Represents speech as a combination of sound and linear filter

The source–filter model represents speech as a combination of a sound source, such as the vocal cords, and a linear acoustic filter, the vocal tract. While only an approximation, the model is widely used in a number of applications such as speech synthesis and speech analysis because of its relative simplicity. It is also related to linear prediction. The development of the model is due, in large part, to the early work of Gunnar Fant, although others, notably Ken Stevens, have also contributed substantially to the models underlying acoustic analysis of speech and speech synthesis. Fant built off the work of Tsutomu Chiba and Masato Kajiyama, who first showed the relationship between a vowel's acoustic properties and the shape of the vocal tract.

An important assumption that is often made in the use of the source–filter model is the independence of source and filter. In such cases, the model should more accurately be referred to as the "independent source–filter model".

==History==
In 1942, Chiba and Kajiyama published their research on vowel acoustics and the vocal tract in their book, The Vowel: Its nature and structure. By creating models of the vocal tract using X-ray photography, they were able to predict the formant frequencies of different vowels, establishing a relationship between the two. Gunnar Fant, a pioneering speech scientist, used Chiba and Kajiyama's research involving X-ray photography of the vocal tract to interpret his own data of Russian speech sounds in Acoustic Theory of Speech Production, which established the source–filter model.

==Applications==
To varying degrees, different phonemes can be distinguished by the properties of their source(s) and their spectral shape. Voiced sounds (e.g., vowels) have at least one source due to mostly periodic glottal excitation, which can be approximated by an impulse train in the time domain and by harmonics in the frequency domain, and a filter that depends on, for example, tongue position and lip protrusion. On the other hand, fricatives, such as /[s]/ and /[f]/, have at least one source due to turbulent noise produced at a constriction in the oral cavity or pharynx. So-called voiced fricatives, such as /[z]/ and /[v]/, have two sources - one at the glottis and one at the supra-glottal constriction.

===Speech synthesis===

In implementation of the source–filter model of speech production, the sound source, or excitation signal, is often modelled as a periodic impulse train, for voiced speech, or white noise for unvoiced speech. The vocal tract filter is, in the simplest case, approximated by an all-pole filter, where the coefficients are obtained by performing linear prediction to minimize the mean-squared error in the speech signal to be reproduced. Convolution of the excitation signal with the filter response then produces the synthesised speech.
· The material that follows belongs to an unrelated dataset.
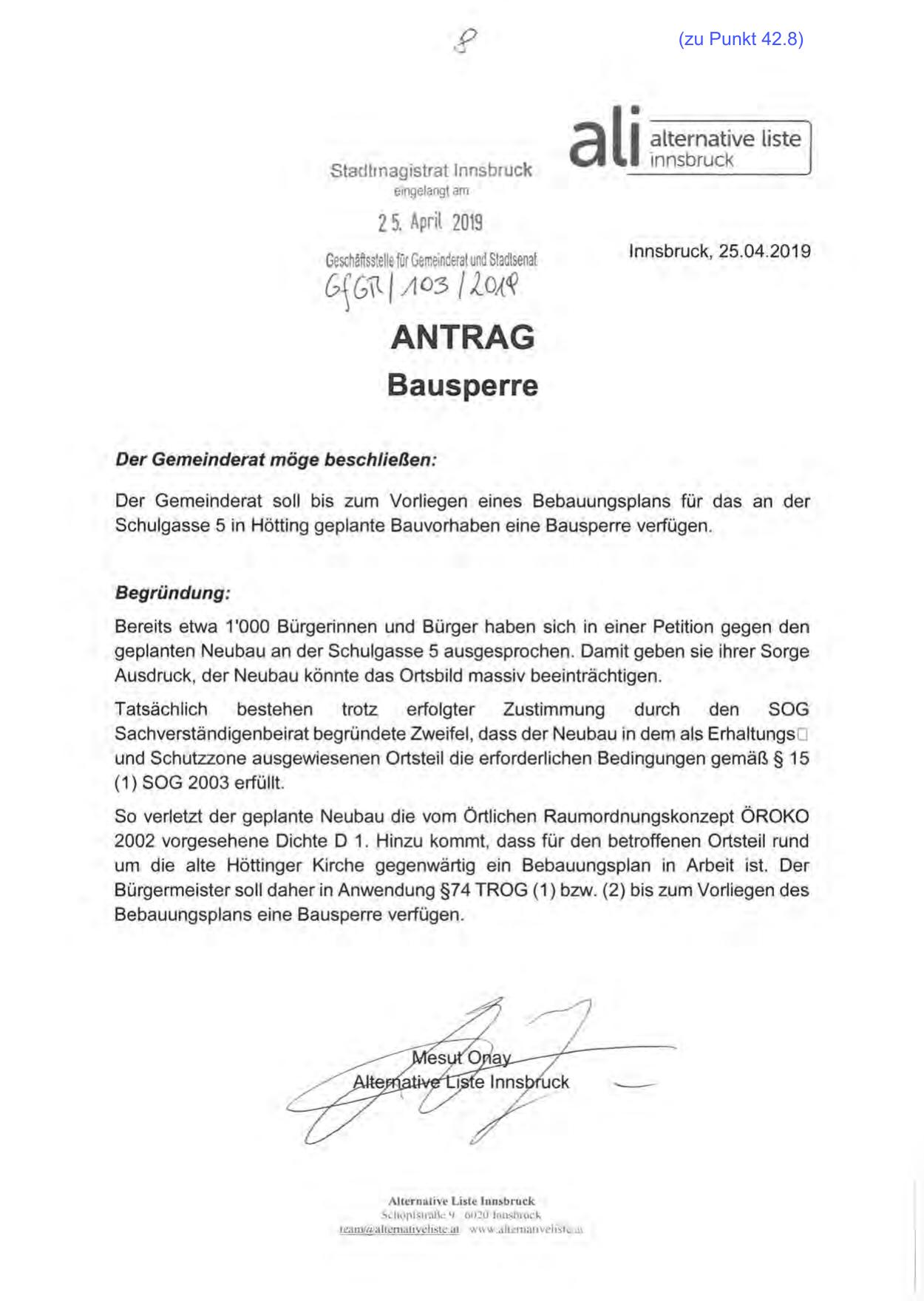 Schulgasse 5 in Hötting geplante Bauvorhaben eine Bausperre verfügen.

===Modeling human speech production===

One possible combination of source and filter in the human vocal tract

In human speech production, the sound source is the vocal folds, which can produce a periodic sound when constricted or an aperiodic (white noise) sound when relaxed. The filter is the rest of the vocal tract, which can change shape through manipulation of the pharynx, mouth, and nasal cavity. Fant roughly compares the source and filter to phonation and articulation, respectively. The source produces a number of harmonics of varying amplitudes, which travel through the vocal tract and are either amplified or attenuated to produce a speech sound.